The Woman Who Texted Her Boyfriend To Kill Himself Is Trying To Get Her Conviction Thrown Out

A new team of lawyers for Michelle Carter is requesting the state's highest court to overthrow her involuntary manslaughter conviction.

Michelle Carter, the woman who was convicted of involuntary manslaughter for urging her boyfriend to kill himself, is asking for her conviction to be overthrown.

Her new team of lawyers — which includes William Fick, a defense attorney for the Boston Marathon bomber Dzhokhar Tsarnaev — filed an appeal last month requesting the highest court in Massachusetts to review and overthrow her conviction, the Boston Herald first reported.

Last June, a Massachusetts judge found Carter, 20, guilty of involuntary manslaughter in the death of her 18-year-old boyfriend Conrad Roy, who killed himself in 2014 by inhaling carbon monoxide produced by a water pump in his truck.

Roy — who had a history of mental illness and had previously attempted suicide — got out of the truck because he was "scared," but Carter told him to "get back in" during a phone call moments before his death, according to evidence presented by Bristol County prosecutors.

"Carter is the first defendant to have been convicted of killing a person who took his own life, even though she neither provided the fatal means nor was present when the suicide occurred," Carter's lawyers wrote in their Feb. 5 appeal to the Supreme Judicial Court, as reported by masslive.com. "Nothing in Massachusetts law made clear to 17-year-old Carter, or anyone else, that such circumstances could constitute involuntary manslaughter," the appeal said.

During her trial last year, prosecutors had argued that through text messages and phone calls, Carter had pressured Roy to kill himself, instructed him as to when and how to do it, assuaged his concerns over killing himself, and chastised him when he delayed doing so. They said that Carter, then 17, used Roy as a "pawn in her sick game of life and death" and wanted to be "the grieving girlfriend" to gain her peers' attention and sympathy, which she always craved.

Carter's attorneys argued that Roy was suicidal over a long period of time and was "on this path to take his own life for years." They also said Carter could not have caused his death because she was 30 miles away when Roy killed himself, and that his death was a suicide, not a homicide.
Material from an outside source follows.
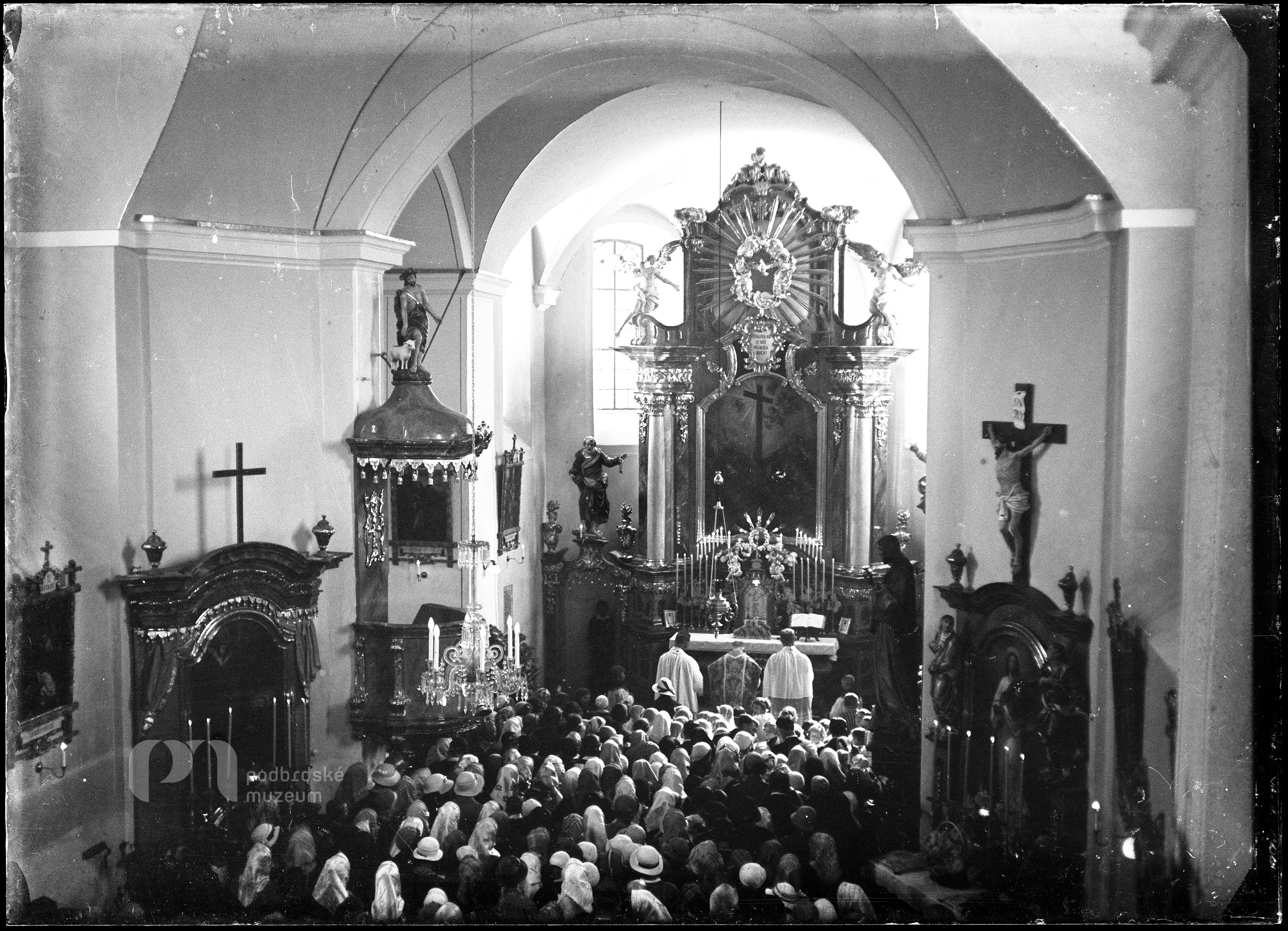 Opis ze staré obálky: Václav Matoušek: Kostel ve St. Rožmitále, též interiéry s lidmi, krabička Mariors Gaslight Paper

Psychiatrist Peter Breggin — who is known for his criticism of psychiatric drugs and has had his credibility questioned in court — testified that Carter was "involuntarily intoxicated" by antidepressants, which made her "delusional" and "grandiose."

However, Judge Lawrence Moniz ruled that Carter's actions constituted "wanton and reckless conduct" when she instructed Roy to get back in his truck despite knowing that it was a toxic environment "inconsistent with human life." He said that her conduct caused Roy's death.

Moniz sentenced to her to two and a half years in prison, of which Carter will serve only 15 months after her state appeals are exhausted.

"We were interested in representing her because we were troubled by the result," Nancy Gertner, a former federal judge who is part of Carter's new defense team, told the Boston Herald. "This case raises substantial issues that the Supreme Judicial Court should address."

Carter's attorneys feel that the case should be heard directly by the Supreme Judicial Court, because they believe her conviction violated the state and the country's constitutional laws. They were also concerned that it would "set precedent for who may be prosecuted for encouraging suicide with words alone" and felt that the case's implications about assisted suicide warranted an immediate review by the state's highest court, according to the appeal.

“It also brings up novel issues of law in Massachusetts: What constitutes manslaughter?" Daniel Marx, another high-profile attorney who is representing Carter, told the Boston Herald.

Carter's lawyers did not immediately respond to BuzzFeed News' request for comment.